- PROBLEM TO WORK ON: Write every entry out again exactly, please, and skip the pictures.

- THE DATA:
BEGIN

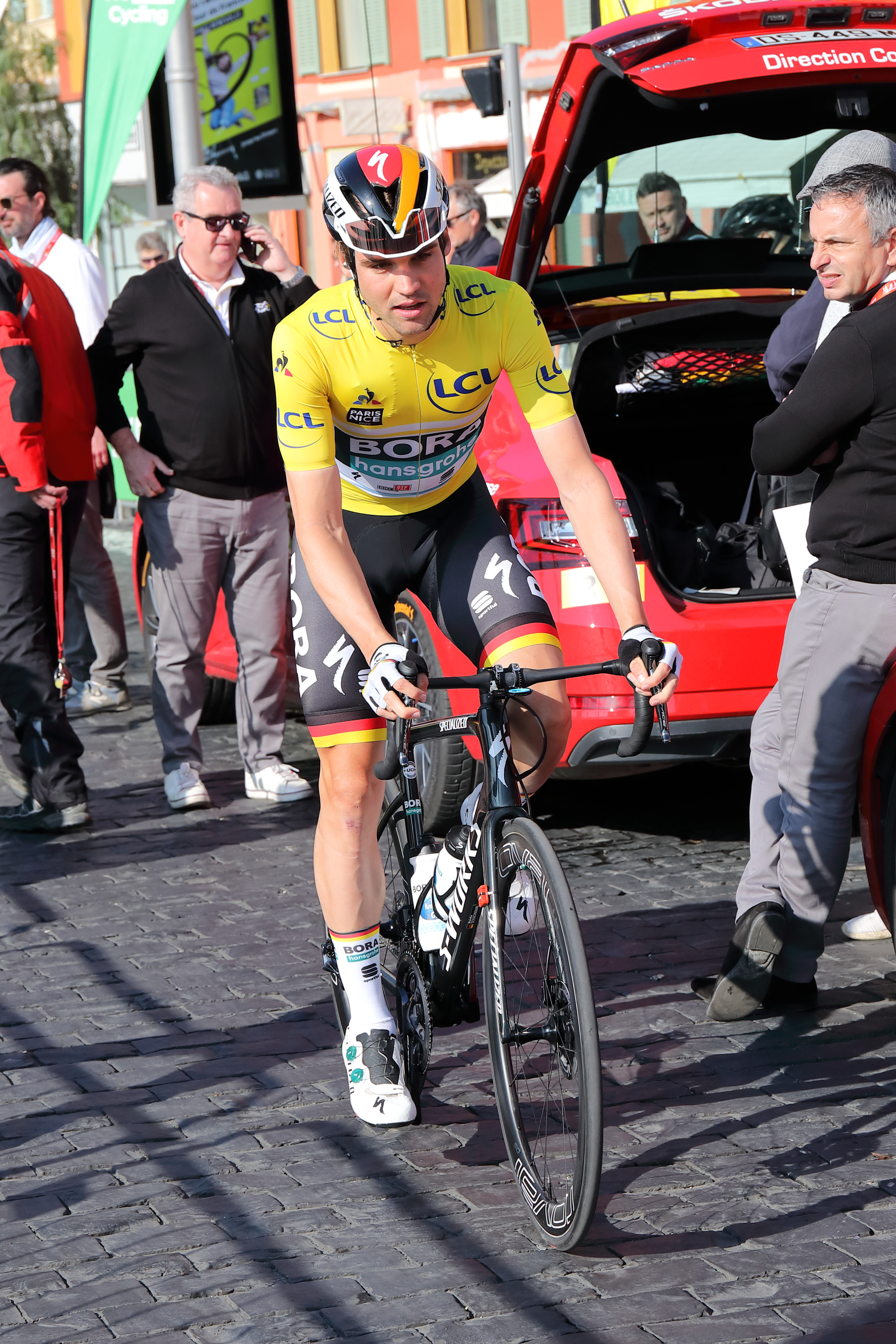 Maximilian Schachmann in Nice at the start of the 7th stage of the 2020 Paris-Nice
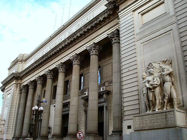 Casa Central del Banco República, Ciudad Vieja, Montevideo, Uruguay.
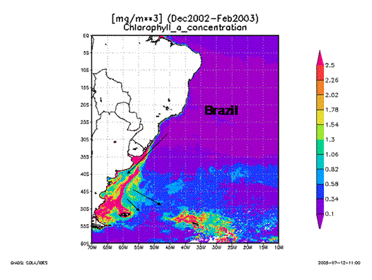 Primary production Brazil-Malvinas Confluence Zone
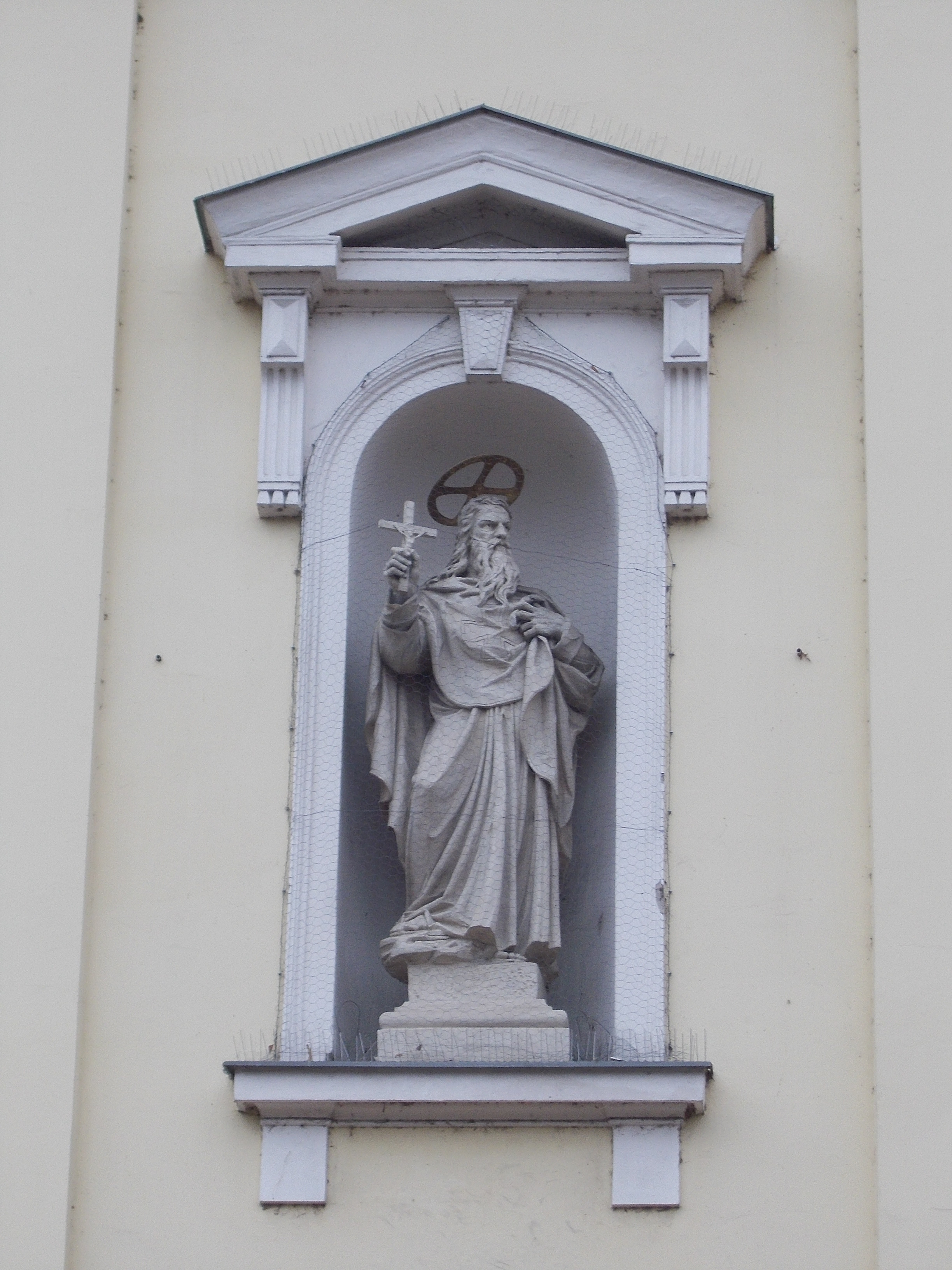 Saint Catherine Church. Above the gates stand (in niches) the Statue of Saint Catherine of Alexandria, Bishop Saint Gellért, Charles Borromeo. - Attila Street, Tabán, Budapest
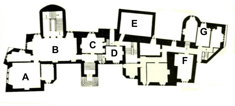 Plan of Dunster Castle, pre-1860s
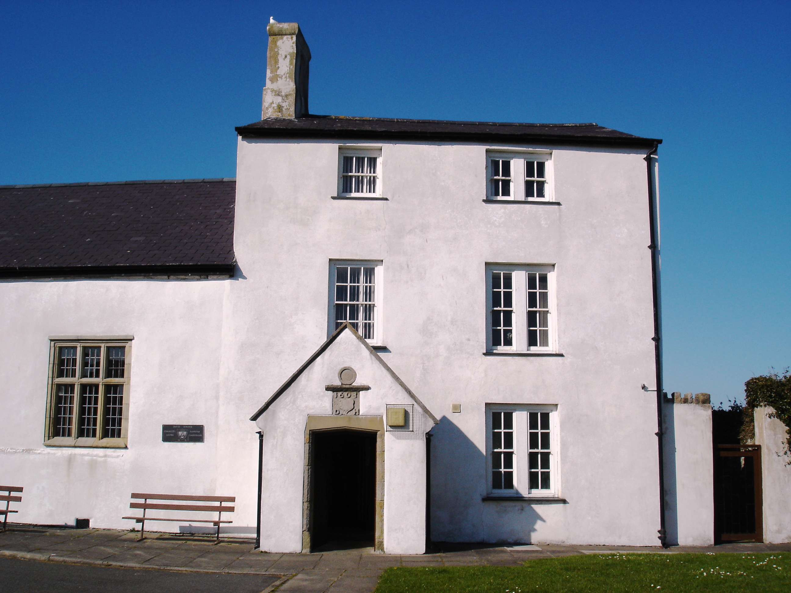 The former building of Ysgol David Hughes in Beaumaris, Anglesey, alongside Beaumaris castle. The school is now in Menai Bridge, Anglesey. The 1603 foundation date can be seen above the door.

END

- TASK SOLUTION:
 Maximilian Schachmann in Nice at the start of the 7th stage of the 2020 Paris-Nice
 Casa Central del Banco República, Ciudad Vieja, Montevideo, Uruguay.
 Primary production Brazil-Malvinas Confluence Zone
 Saint Catherine Church. Above the gates stand (in niches) the Statue of Saint Catherine of Alexandria, Bishop Saint Gellért, Charles Borromeo. - Attila Street, Tabán, Budapest
 Plan of Dunster Castle, pre-1860s
 The former building of Ysgol David Hughes in Beaumaris, Anglesey, alongside Beaumaris castle. The school is now in Menai Bridge, Anglesey. The 1603 foundation date can be seen above the door.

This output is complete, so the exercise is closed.